Surprisingly, that's a question you may have to answer one day. Engineers from General Motors Corp. said recently that fully autonomous vehicles will be ready to hit the streets in 2020, and that automakers will be able to offer the technology if consumers want it.
"We believe that the world [of driving] will be autonomous on demand," Alan Taub, vice president of global research and development for GM, said in an interview with Design News. "There will still be fun-to-drive situations. People do enjoy driving, but not all the time."
Taub says that many of the technologies for self-driving vehicles are already in place, and that the ones that aren't will be available by mid-decade. He cites four pillars of the fully autonomous vehicle: Full, 360 degrees situational awareness; autonomous braking and steering; global-scale, real-time digital maps; and "driver-partially-in-the-loop" technology, which would enable drivers to share the chores with the car.

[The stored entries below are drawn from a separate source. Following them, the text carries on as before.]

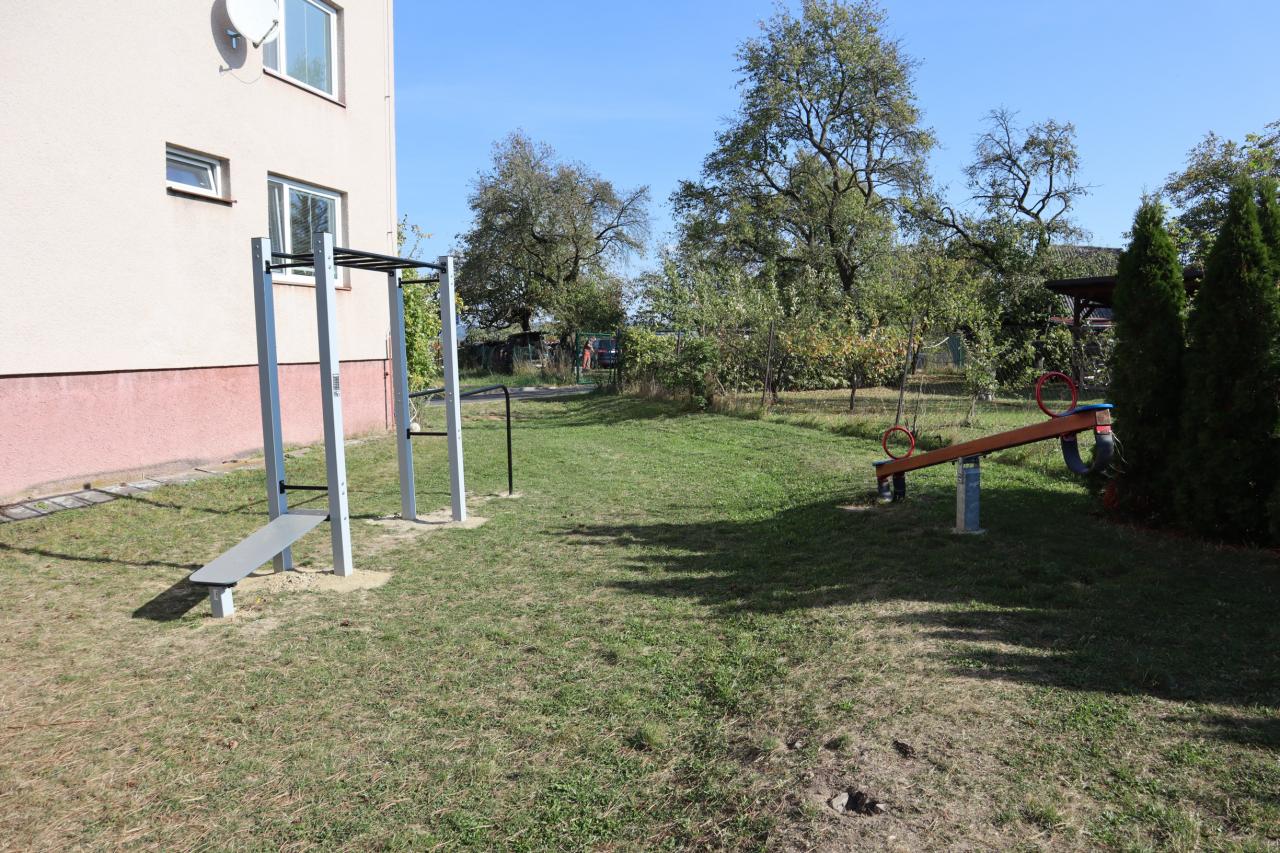 Plácek s prolézačkami a houpačkami, houpačka žába a workoutová sestava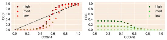 Dependence on initial climate change scepticism: Correlation of initial and resulting (left) climate change scepticism and (right) pro-environmental behaviour . Results shown for three different information densities (low, medium, high) as shown in the legend. Parameter: .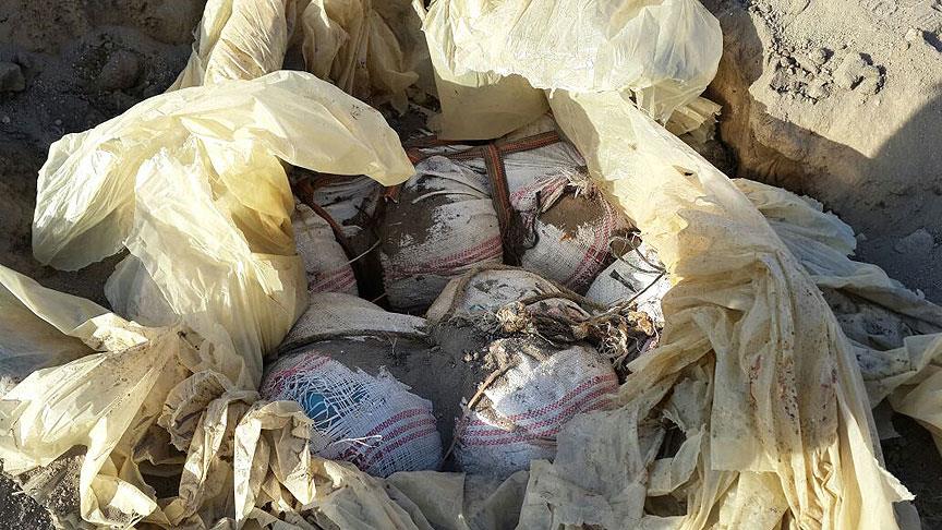 Köpeklerin gösterdiği alanlar, jandarma ekiplerince kazıldı. Kazıların ardından terör örgütünce 10 mutfak tüpünün içine yerleştirilmiş ve top mermisiyle güçlendirilmiş, patlamaya hazır 500 kilogram el yapımı patlayıcı bulundu.

"Today, we can already do it in low-chaos environments," he told us. "If you try to go to Bombay, with very heavy congestion, people not driving in their lanes, and a mixture of pedestrian and vehicle traffic, our ability is limited. On the other hand, if you go to a freeway, where you only have to recognize vehicles and stationary objects, we can do that."
If you think that sounds a little bit too much like science fiction, then consider the DARPA Challenge events. In those events, which took place in 2004, 2005, and 2007, autonomous vehicles used cameras, radar, lasers, and tons of computing power to make their way across urban and desert courses. In 2004 and 2005, they drove over sand dunes, through valleys, along highways, and over rivers. They had to spot lines of barbed wire and so-called tank killers -- pieces of angle iron laid across the desert floor to stop their progress. And they prevailed. In 2005, five vehicles finished the 132-mile course without a shred of help. In 2007, in an urban environment, six vehicles finished.
Back then, vehicles won by employing numerous Pentium blade-type computers, digital signal processors, and field-programmable gate arrays, all of which "fused" the information from scores of sensors. The engineers who put the systems together sometimes referred to the trunkloads of computing equipment as "supercomputers on wheels."